Люди нового круга были ещё более книжны чем он, они дальше его стояли от жизни, им многое было непонятно в Макаре, он тоже плохо понимал их сухой, книжный язык, стеснялся своего непонимания, не доверял им и боялся, что они заметят это недоверие.
У этих людей была неприятная привычка: представляя Макара друг другу, они обыкновенно вполголоса или шёпотом, а иногда и громко добавляли:
-- Самоучка... Из народа...
Это тяготило Макара, как бы отодвигая его на какое-то особенное место. Однажды он спросил знакомого студента:
-- Зачем вы всегда говорите, что я самоучка, из народа и подобное?
-- Да ведь это же, батя, факт!
Как бы там ни было, в этой среде Макар не мог укрепить свою заболевшую душу. Он пробовал что-то рассказывать о затмении души, был не понят и отошёл прочь, без обиды, с ясным ощущением своей ненужности этим людям. Первый раз за время своей сознательной жизни он ощутил эту ненужность, было ново и больно.
Потом, вероятно, сказалось переутомление, отозвались ночи без сна, волнующие книги, горячие беседы, -- Макар стал чувствовать себя физически вялым, а в груди всегда что-то трепетало, нервы, как будто проколов кожу, торчали поверх неё, точно иглы, и каждое прикосновение к ним болезненно раздражало.
Макару было девятнадцать лет, он считал себя неутомимо сильным, никогда не хворал, любил немножко похвастаться своею выносливостью, а теперь он стал противен сам себе, стыдился своего недомогания, стараясь скрыть его, едко осуждал сам себя, но всё это плохо помогало, и тревога, ослабляющая душу, становилась тяжелей...
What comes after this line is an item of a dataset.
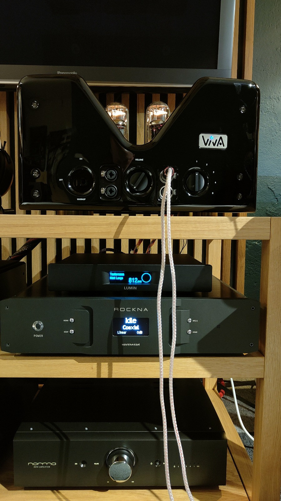 Główną atrakcją dla odwiedzających salon w Sopocie będzie powalający zestaw złożony ze - wspomnianych wyżej - słuchawek z przetwornikiem izobarycznym Twin Pulse i technologią Revolver Drive, czyli Valkyria Titanium, oraz wzmacniacza słuchawkowego na lampach 845 Viva Audio. Źródłem dla tego zestawu będzie jeden z topowych przetworników C/A Rockna Wavedream Signature sparowany z serwerem plików Wavelight WLS.

В то же время он почувствовал себя влюблённым, но -- не мог понять, в кого именно: в Таню или в Настю, -- ему нравились обе. Полногрудая, высокая и стройная приказчица Настя только что окончила учиться в гимназии, радуясь свободе, она весело и ясно улыбалась всему миру большими, тёмными, как вишни, глазами и показывала белые, плотные зубы, как бы заявляя о своей готовности съесть множество всяких вкусных вещей. Таня была маленькая, голубоглазая, белая, точно маргаритка, она со всеми говорила ласково, слабеньким, однообразно звеневшим голосом, мягкими, как вата, словами и смеялась тихим, тающим смехом.
Макар не скрывал своих чувств пред ними, и это одинаково смешило подруг, -- они были весёлые. Он же подходил к ним, как бездомный, иззябший человек подходит зимней ночью греться около костров, горящих на перекрёстках улиц, ему думалось, что эти умненькие девушки могут -- та или другая, всё равно -- сказать ему какое-то своё, женское, ласковое слово и оно тотчас рассеет в его груди подавляющее чувство оброшенности, одиночества, тоски.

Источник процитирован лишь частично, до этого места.